Redland is a set of C libraries providing a high-level API for the Resource Description Framework (RDF), allowing it to be stored, parsed, serialized, queried, and manipulated. It has an object-based, modular design and comes with detailed reference documentation and examples. Redland supports all RDF vocabularies such as FOAF, RSS 1.0, Dublin Core, DOAP, and OWL, the query languages SPARQL and RDQL, and all RDF syntaxes including Turtle, RDF/XML, RDF/JSON, RSS, Atom, RDFa, and GRDDL.

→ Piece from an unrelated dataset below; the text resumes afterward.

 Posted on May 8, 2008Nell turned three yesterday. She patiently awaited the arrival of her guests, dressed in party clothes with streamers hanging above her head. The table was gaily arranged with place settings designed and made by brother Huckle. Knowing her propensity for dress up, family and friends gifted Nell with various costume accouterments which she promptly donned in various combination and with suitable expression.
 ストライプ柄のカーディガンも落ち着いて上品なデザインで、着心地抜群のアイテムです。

Nutch is highly scalable Web searching software which builds on top of Apache Hadoop and Lucene Java. Key features include a Web crawler, indexer, crawl management tools, parsers for HTML, PDF, DOC, and several other document formats, and an expandable architecture that allows you to plug in additional functionality such as document parsers, custom scoring algorithms, custom content parsers, protocols, and more.

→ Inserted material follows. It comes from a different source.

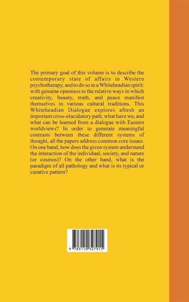The primary goal of this volume is to describe the contemporary state of affairs in Western psychotherapy, and to do so in a Whiteheadian spirit: with genuine openness to the relative ways in which creativity, beauty, truth, and peace manifest themselves in various cultural traditions. This Whiteheadian Dialogue explores afresh an important cross-elucidatory path: what have we, and what can be learned from a dialogue with Eastern worldviews? In order to generate meaningful contrasts between these different systems of thought, all the papers address common core issues. On one hand, how does the given system understand the interaction of the individual, society, and nature (or cosmos)? On the other hand, what is the paradigm of all pathology and what is its typical or curative pattern?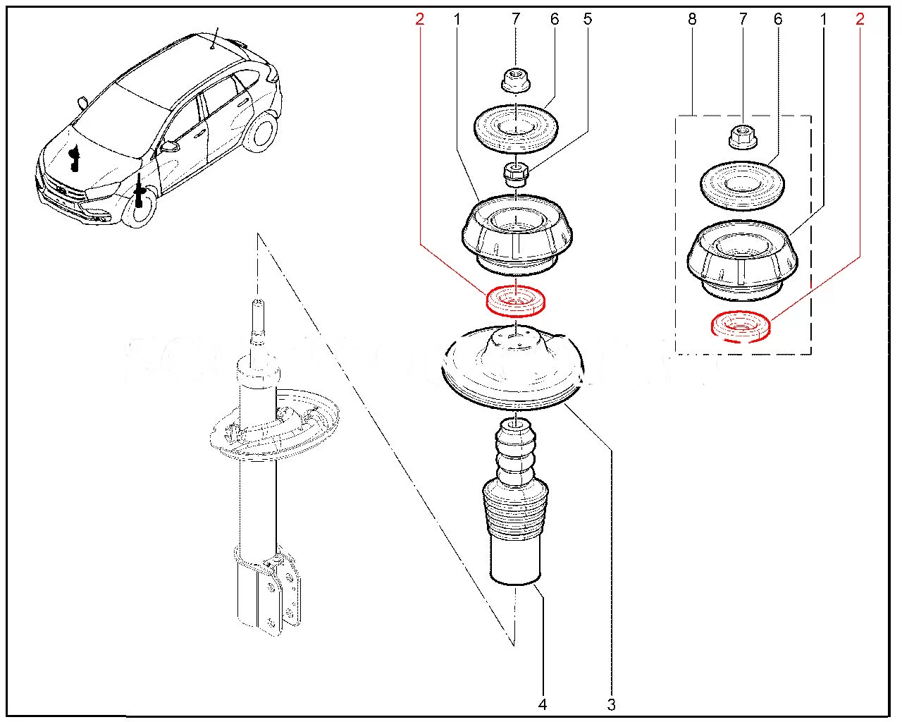 Штатный подшипник верхней опоры телескопической стойки для Лада Ларгус и Иксрей.

Python Web Graph Generator is a threaded Web graph (Power law random graph) generator. It can generate a synthetic Web graph of about one million nodes in a few minutes on a desktop machine. It supports both directed and undirected graphs. It implements a threaded variant of the RMAT algorithm. A little tweak can produce graphs representing social networks or community networks. It can also output connected components in a graph.
Compass is a Java framework which makes it simple to map your Java object model into a search engine. It is built on top of the Lucene search engine. Compass features declarative mapping technology OSEM (similar to O/R database mapping), transaction management, Google-like query syntax, externalization of common metadata, and much much more.
Catacomb is a WebDAV repository module for use with the Apache WebDAV module, mod_dav. Apache mod_dav parses WebDAV and DeltaV protocol requests into operations on a repository providing persistent storage of resources and their properties. The default repository for mod_dav is provided by a separate module, mod_dav_fs, which stores resource bodies as files in the filesystem, and stores properties in a (G)DBM database. It could be used for server side searching and versioning of files over the HTTP protocol.
locust is a full featured Internet search engine specifically designed to power vertical search, enterprise search, or a knowledge area search applications. It can index 2.5 million documents per 24 hours on a single Dell server. It consists of clean C++/STL code written from scratch.
SitemapGen4j is a Java library to generate XML sitemaps. It supports gzipped output, sitemap validation, and sitemap index generation. It can also generate Google-specific sitemaps, such as Mobile sitemaps, Geo sitemaps, Code Search sitemaps, Google News sitemaps, and Video sitemaps.